ABOUT THIS TASK: With the material below, print exactly the lines between the line holding "Record. | |||||" and the line holding "Cotton Linen Cropped", inclusive. Add nothing else.

MATERIAL SHOWN:
▽

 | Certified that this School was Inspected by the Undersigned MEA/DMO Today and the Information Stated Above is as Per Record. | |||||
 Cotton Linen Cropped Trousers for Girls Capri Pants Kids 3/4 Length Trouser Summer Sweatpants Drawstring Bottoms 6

△
▽

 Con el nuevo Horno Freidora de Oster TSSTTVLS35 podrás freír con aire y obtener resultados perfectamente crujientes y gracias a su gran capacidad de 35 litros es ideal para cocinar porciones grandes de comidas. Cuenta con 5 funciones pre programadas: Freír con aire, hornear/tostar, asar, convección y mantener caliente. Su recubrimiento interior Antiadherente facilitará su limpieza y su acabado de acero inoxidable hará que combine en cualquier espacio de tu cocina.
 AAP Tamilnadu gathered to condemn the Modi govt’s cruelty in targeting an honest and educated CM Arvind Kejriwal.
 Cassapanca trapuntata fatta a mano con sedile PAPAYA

△
▽

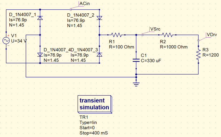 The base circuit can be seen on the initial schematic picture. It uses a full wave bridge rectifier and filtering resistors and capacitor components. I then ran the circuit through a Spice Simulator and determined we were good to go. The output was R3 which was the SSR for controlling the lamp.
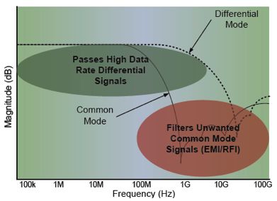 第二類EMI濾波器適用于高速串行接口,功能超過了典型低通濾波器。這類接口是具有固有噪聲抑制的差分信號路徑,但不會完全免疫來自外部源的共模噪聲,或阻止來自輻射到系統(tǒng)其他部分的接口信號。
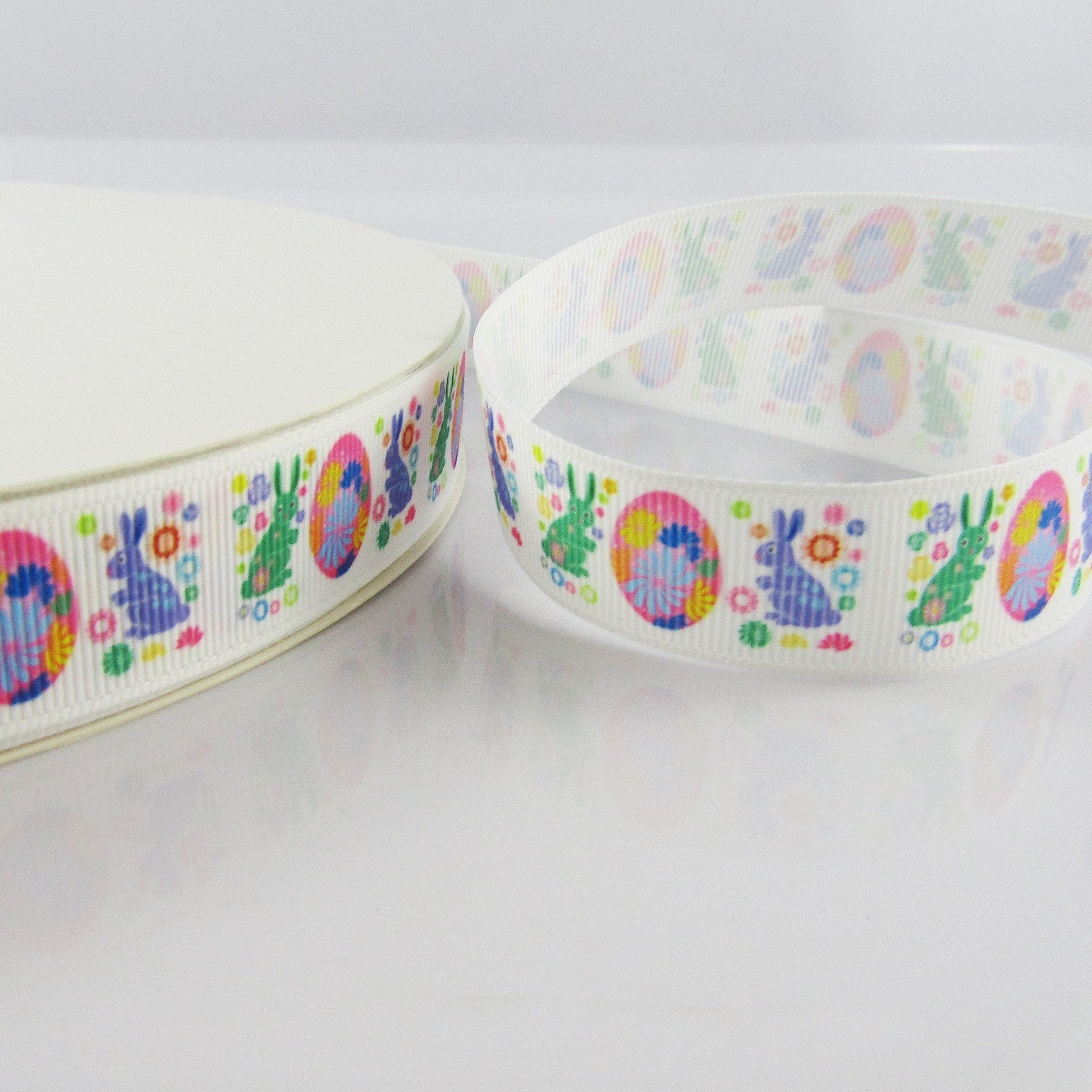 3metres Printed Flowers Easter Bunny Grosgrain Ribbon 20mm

△

SOLUTION TO THE EXERCISE:
 | Certified that this School was Inspected by the Undersigned MEA/DMO Today and the Information Stated Above is as Per Record. | |||||
 Cotton Linen Cropped Trousers for Girls Capri Pants Kids 3/4 Length Trouser Summer Sweatpants Drawstring Bottoms 6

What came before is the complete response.